As he continues physical therapy and strength training, complete healing of his now-fused vertebrae will take about a year.
Davisson stayed with him constantly during his stays in both facilities, returning to the island only a couple of times. In the meantime, his cohort of island friends stepped up to watch over Davisson’s son, Joey, 15, to take care of pets, clean the couple’s house, yard work, finish some of Gilliam’s work and more.
“We just feel complete gratitude to this island,” Davisson said.
A video on Facebook shows him walking with a walker into the United Methodist Church <date> to audible gasps.
“It was beautiful,” he said.
The choir had just finished singing a “hallelujah” song when the door to the sanctuary opened and Davisson and Gilliam began walking in.
“I wanted to thank this part of the community that’s in the background helping,” he said.
His feeling of gratitude continues.
“I don’t think I could’ve come back without so many people pulling for me,” he said. “From day one, this community was here for me.”
A self-employed carpenter, Gilliam has medical insurance, but it doesn’t cover all of the enormous costs of treatment.

“All it takes is something like this and you’re facing bankruptcy,” he said.
Members of the community have held fundraisers and set up a Go Fund Me campaign for Gilliam and two other islanders who this year began battling cancer, Teresa O’Neal and Megan Aldridge.
He’s also humbled.
“So many people stepped up,” he said. “I don’t feel right putting my hand out.”
So he’s thankful that Davisson is back at work as a massage therapist and he has even done a bit of consulting work.
Since his return Aug. 16 he’s visited the beach.
“I’ve chosen to live near the water all of my adult life,” he said. “I’m a water man.
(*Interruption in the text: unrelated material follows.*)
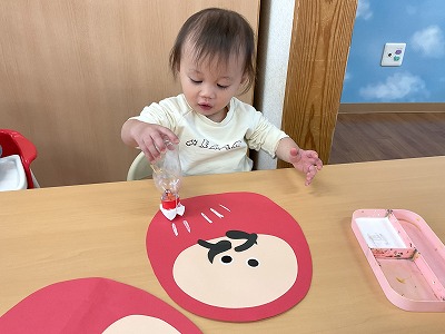 お正月遊びでは、だるま転がしを楽しみました!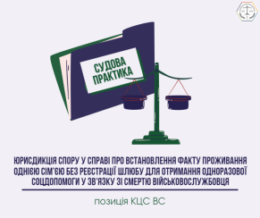 Юрисдикція спору у справі про встановлення факту проживання однією сім’єю без реєстрації шлюбу для отримання одноразової соцдопомоги у зв’язку зі смертю військовослужбовця: постанова КЦС ВС

I’ve sailed three quarters of the way around the world. The ocean is not the enemy. I know this—not to dive in shallow water. I’ve done it many times and this one bit me.”
Gilliam has cast off all of his braces and walking devices.
While he says he had no metaphysical experiences during and after the accident, he’s reflecting on this life-changing event. As a carpenter who renovates homes and buildings, he sees some parallels.
“After this accident, I’m doing a little repurposing,” he says “It’s all up to me and I relish that. I’m lucky to be here.”